Sara taught in a parallel class with an other a class, taught by teacher who was a 25 year veteran Hispanic lady who hated her job. Her kids were seldom assigned to write anything. 

After 4 years with the same kids, Sara's class showed a steady increse in academic scores, while the older lady's class flat lined. On her final day several of the mothers cried and one of them tried to block Sara's car from leaving the parking lot. She had to get the principal to intervene so she could drive home to her apratment over in South Pasadena.

So much of our attitudes toward education tends to look at it as a chore, something to be dreaded, or at best, tolerated instead of enjoyed. I think this is something Sister Constantius (and a few others) were able to get me to realize. 


P.s. Bragging just a bit:

(My youngest - Megan - Watterson about "94) became a Montisorri teacher in Portland Oregon and later moved back to Cincinnati (she was a Xavier Alum). She spent a few years teaching in a Montisorri inside the University of Cincinnati Medical School. The kids were all handicapped. It was both a real Montisorry School and a reasearch project for the U.C. medical school at the same time. 

06/04/23 08:27 AM #12713    


Michael McLeod


Joe and Dave: thanks for the feedback.

I know I have said this before but I am - I just love teaching. I'm at the point in my life when it's a joy and a responsibility to share what I learned in 50 years of banging my head against the keyboard. And I feel embarrassed and hurt at being undercut. It's almost like walking into my house and discovering that a thief broke into it. 

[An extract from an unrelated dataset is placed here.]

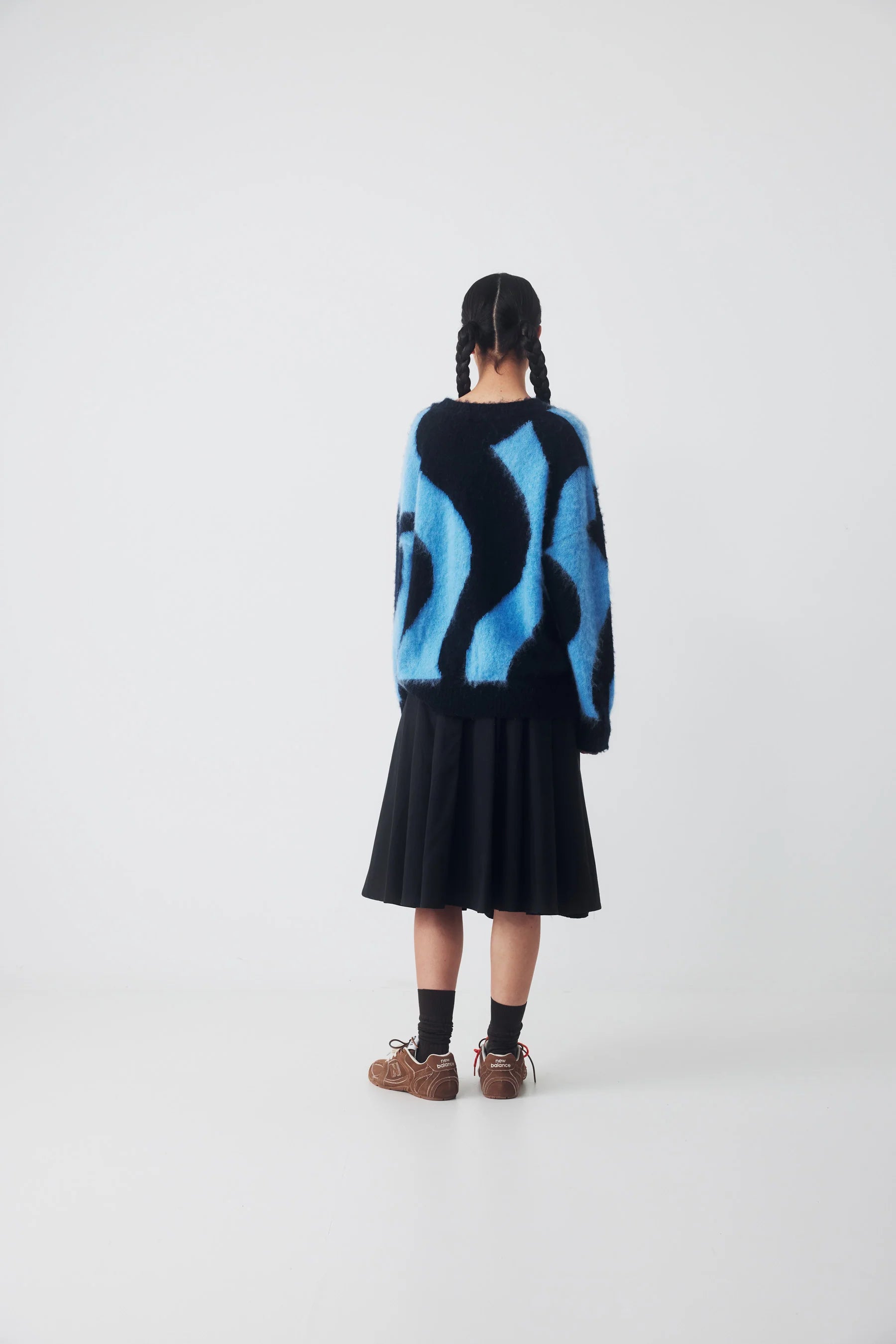 Crafted from luxurious Brushed Merino wool, the Loki Jumper boasts a fluffy texture and striking squiggle stripe design. In dark blue and azure hues, this sweater adds a touch of sophistication and comfort to your wardrobe. Elevate your style with this must-have piece.

This against the backdrop of education being under seige and subject to politically oriented censorship in this state.

So I really appreciate your responses for the sentiment as well as the strategy.

And Dave I have never met your daughter but I'm proud of her just the same. My significant other is vintage Montessori, with deep roots in the tradition as it has evolved on this side of the pond, and she astonishes me with her practice and her grasp of its core humanist principles.

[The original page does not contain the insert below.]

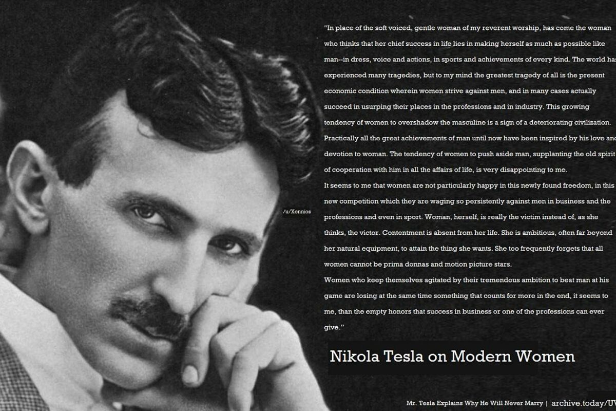 „Žene postaju jače od muškaraca, i fizički i mentalno. Svet je iskusio mnoge tragedije, ali po mom mišljenju, najveća tragedija od svih jeste trenutna ekonomska situacija u kojoj su žene protiv muškaraca, i u mnogim slučajevima uspevaju da uzurpiraju njihova mesta u profesijama i industriji. Ova rastuća tendencija žena da zasene muškost znak je civilizacije u propadanju” – tvrdio je Tesla 1924. godine.

06/04/23 12:55 PM #12714    


David Mitchell


I know wev'e gotten a bit off topic, but just to add a bit for you --

I have visited both of my daughters classrooms (years ago - they have both moved on) and had different but wonderful experiences in both.

My youngest - back in her Portland Oregon days (before Cincinnati), showed me her Montessori classrom and all the physical "hands-on" devices they employ in the classroom. It was quite a revelation - very logical and very intuitive. I never got to see her handicapped Montessori classroom at U.C.

And I visited my older daughter in East L.A. while the kids were there in a class session. I was pleasantly shocked to see their high level of engagement and enthusiasm! 


06/04/23 09:47 PM #12715    


John Jackson

Last night at a nearby live music theater I saw Natalie McMaster (Scottish style Cape Breton fiddler) and her husband Donnell Leahy (Irish fiddler from Ontario) but their 17 year old daughter Mary Frances (oldest of their seven kids) stole the show.  I’ve never cared all that much for Irish-style step dancing but…


Natalie is usually front and center but here she just takes a back seat to her (equally talented) husband and daughter.



06/05/23 08:02 AM #12716    


Michael McLeod

ok between that and my morning coffee I'm ready to charge right into the work week thanks John.